Amateur radio uses this ducts to establish PTP voice comms at vy long distances above 1.2GHz for instance. 100 ... 400 miles. But this setup are usefull for amateur purposes: a short time lasting two way voice contact just to 'break distance records'.

There is lots of concern on some professional markets about this ducts: the sea radar market, low orbiting satellites when sat-to-ship comms have problems (inmarsat) due to sat low elevation angle, microwave PTP links between oil rigs, etc.

And all of them reach more or less the same conclusions: both antenna inside the duct or both above the spray layer; circular pol, then horizontal, never vertical; wider channels and lots of possible throughput to have room for a stable but lower throughput; narrow & clean beamwidht antennas (e.g. high gain and few sidelobes) to avoid reflected signals (multipath) even if you need to reduce power due to high gain of antennas, etc.

The topic original setup is: one side at 5m and the other at 75m. So one antenna is inside the duct, another outside. You can expect this effect:

Image

And - finally - there is the 'marriage' between 2.4GHz and water. So other frequencies (900M / 5.8G) will use this duct anyway but at least will not suffer extra attenuation as 2.4G due to evaporated water from sea surface.

Despite the naysayers, this thread viewtopic.php?f=9&t=31644, explains how I created a fast and reliable 5 GHz link across 20 miles of pacific ocean.
Interesting solution: frequency diversity. Both are ok: frequency or spatial. Those multipath nulls 'walks' around the spectrum at some slow speed. This drive us to wider channels and OFDM with as much carrires as possible if someone want to try to use single freq + single antenna.
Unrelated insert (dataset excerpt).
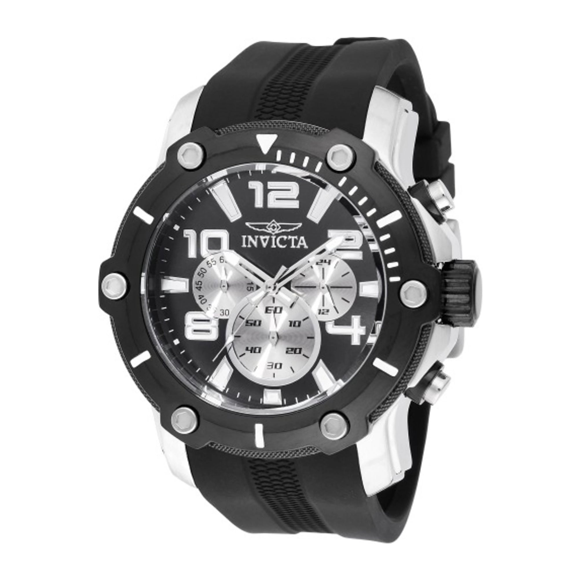 Entfesseln Sie Ihren unbeirrbaren Geist mit der Invicta Pro Diver, einem lässigen Meisterwerk für den modernen Mann. Ihre eindrucksvolle 49-mm-Präsenz in Silber und Schwarz, ergänzt durch ein elegantes Silikonarmband, setzt ein unübersehbares Statement. Spüren Sie den Nervenkitzel der Präzision, die mühelos Ihren Tag begleitet. Diese ikonische Uhr mit ihrem markanten Chronographen ist nicht nur ein Accessoire, sondern eine Erweiterung Ihrer kühnen Identität. Stellen Sie sich vor, wie sie perfekt Ihr Handgelenk schmückt, bereit für jedes Abenteuer und Ihre Reise mit unvergleichlichem Selbstvertrauen widerspiegelt.

I deploy a 140Mbps (ETH + 16E1) 76Km 8GHz PTP link across a big city some time ago ... not ocean :D ... but this huge city develops lots of thermal inversions etc. One side ant is 15m @ 1.2m diameter. Another is 125m or so, 3.6m diameter. There is a lot of narrow band nulls along the day but we bet on modem resources, able to handle two 16dB nulls along the 30MHz channel spectrum (64QAM). And it works, SLA > 99,999 (3 minutes possible outages a year).